Requirement:
What is needed is an exact repetition of the lines below, from the first one through the one holding "Long dress in", with no pictures and nothing else.

▼

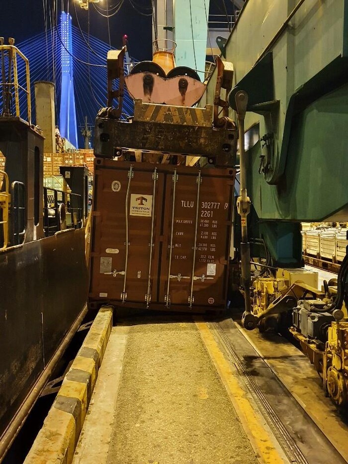 크레인 운전기사가 비상정지 스위치를 눌렀으나 제대로 제동이 되지 않아 컨테이너가 선박과 크레인 사이 바닥으로 떨어졌다.
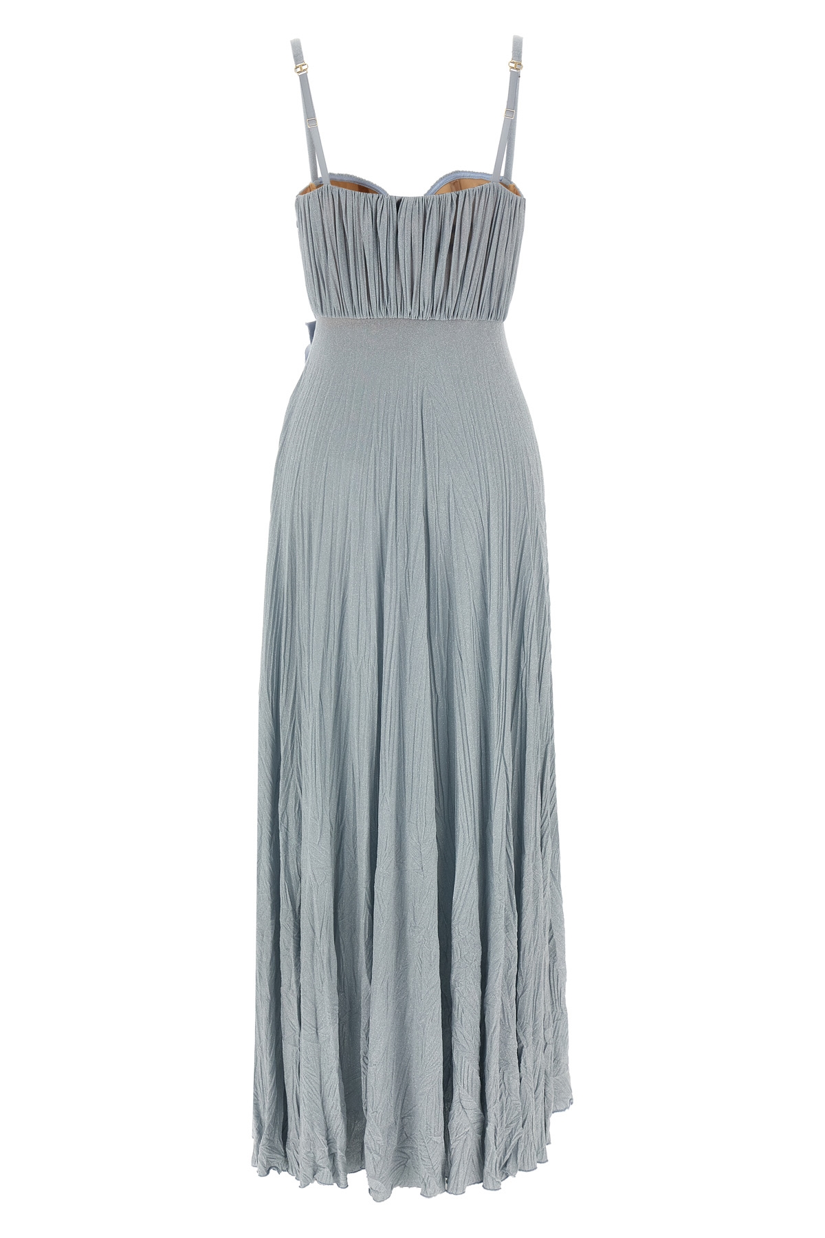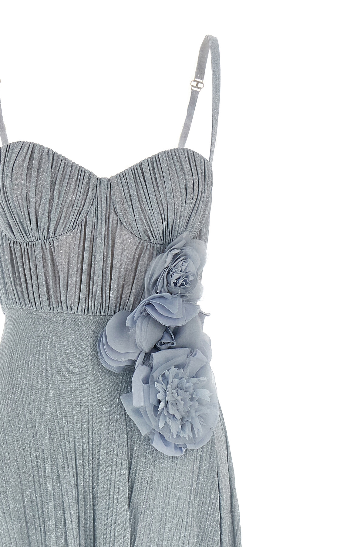 Long dress in lurex knit, pleats, front flower details, bustier style with slightly padded cups, thin straps, back zip and hook closure.
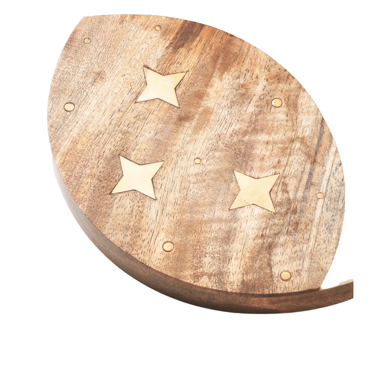 Introducing the Edhit Moon & Stars Cheese Board: expertly crafted from sustainably harvested mango wood in India, this round board features a moon hand carved from ethically sourced bone, and stars handcrafted from gold finish brass, creating a beautiful constellation design. Perfect for entertaining, it is a unique example of traditional Indian wood craft, passed on through generations.
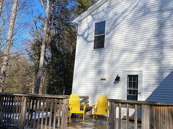 Pleasant and comfortable! Situated on the one way lane on the circle end of the pleasant Country Hill neighborhood in West Brattleboro, this comfortable six room, 1568 square foot, well cared for home was built in 2004 and offers three bedrooms and two and a half baths. On the first floor you will find a cheerful eat in kitchen with a tile floor and handy access to the 16’ x 16’ deck, a large living room with hard wood floors that opens to the light filled dining room and a half bath. Upstairs the primary bedroom has its own three quarter shower ensuite bath. Two bedrooms and a full bathroom are down the hall. The spacious 22’ x 19’ finished basement has a laundry area. There is a two car garage and a paved driveway. Mature trees and a stone wall ramble along the back border. Delayed showings until Saturday February 18, 2023,
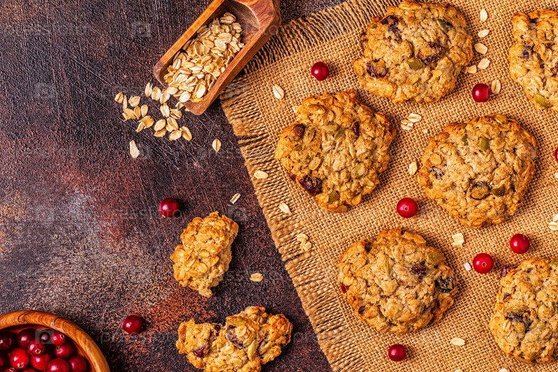 Домашнее овсяное печенье с клюквой и тыквенными семечками

▲

Exercise answer:
 크레인 운전기사가 비상정지 스위치를 눌렀으나 제대로 제동이 되지 않아 컨테이너가 선박과 크레인 사이 바닥으로 떨어졌다.
 Long dress in lurex knit, pleats, front flower details, bustier style with slightly padded cups, thin straps, back zip and hook closure.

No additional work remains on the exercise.